> TRY IT:
This exercise asks for an exact copy of the lines from the one containing "Zľava: Generálny riaditeľ" through the final line of the material, with pictures omitted.

> DATASET SECTION:

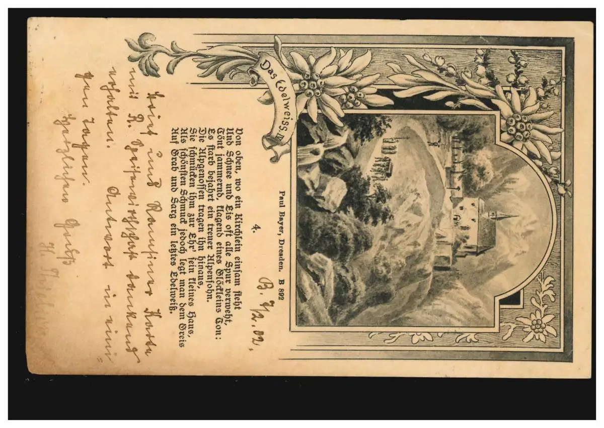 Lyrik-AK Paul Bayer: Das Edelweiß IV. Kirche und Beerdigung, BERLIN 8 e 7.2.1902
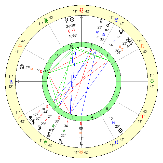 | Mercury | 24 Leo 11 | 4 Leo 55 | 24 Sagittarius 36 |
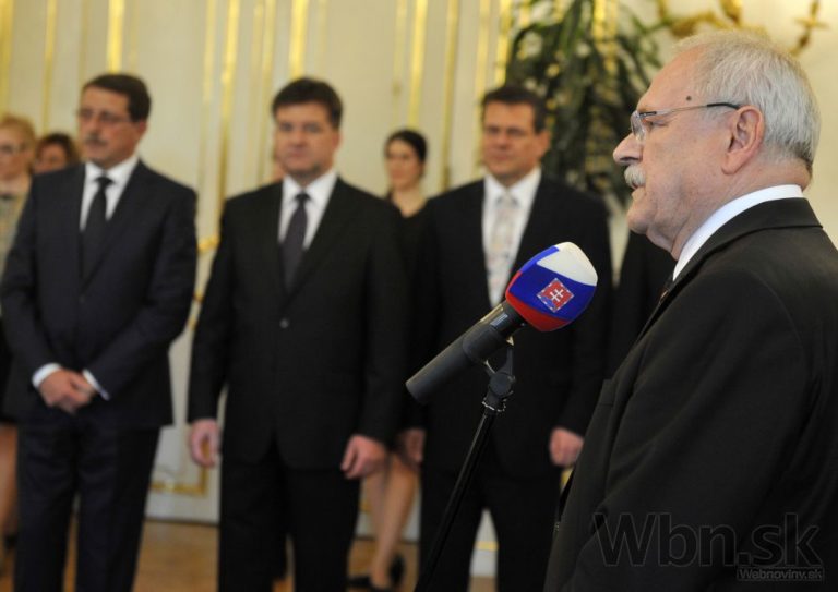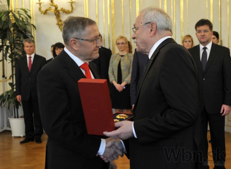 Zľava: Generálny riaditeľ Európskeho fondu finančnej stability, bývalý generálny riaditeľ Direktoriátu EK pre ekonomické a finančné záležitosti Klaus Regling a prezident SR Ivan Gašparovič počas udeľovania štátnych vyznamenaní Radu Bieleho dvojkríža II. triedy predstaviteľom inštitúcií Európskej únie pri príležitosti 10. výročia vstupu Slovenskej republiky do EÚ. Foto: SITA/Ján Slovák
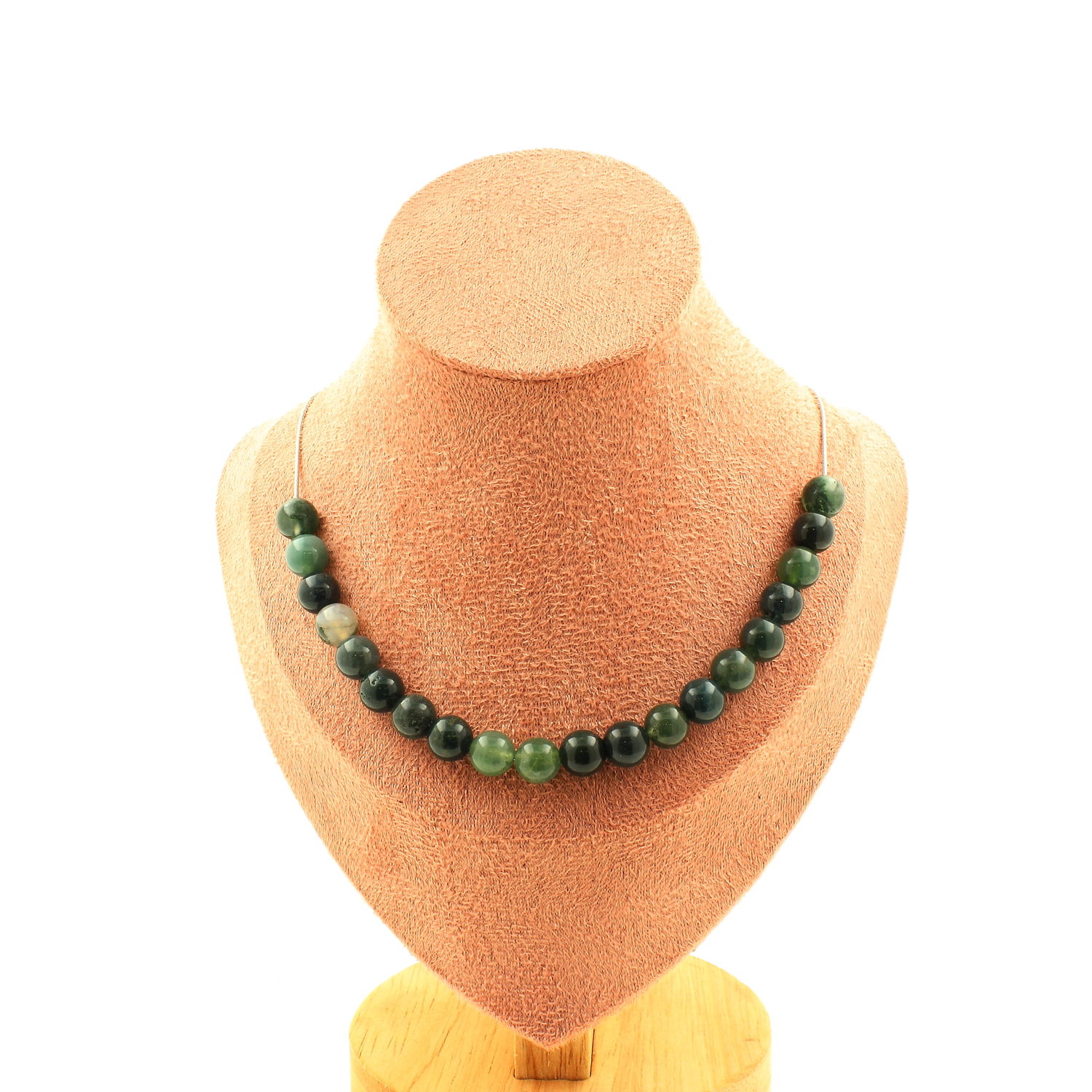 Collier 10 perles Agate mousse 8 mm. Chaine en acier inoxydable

> FINAL ANSWER:
 Zľava: Generálny riaditeľ Európskeho fondu finančnej stability, bývalý generálny riaditeľ Direktoriátu EK pre ekonomické a finančné záležitosti Klaus Regling a prezident SR Ivan Gašparovič počas udeľovania štátnych vyznamenaní Radu Bieleho dvojkríža II. triedy predstaviteľom inštitúcií Európskej únie pri príležitosti 10. výročia vstupu Slovenskej republiky do EÚ. Foto: SITA/Ján Slovák
 Collier 10 perles Agate mousse 8 mm. Chaine en acier inoxydable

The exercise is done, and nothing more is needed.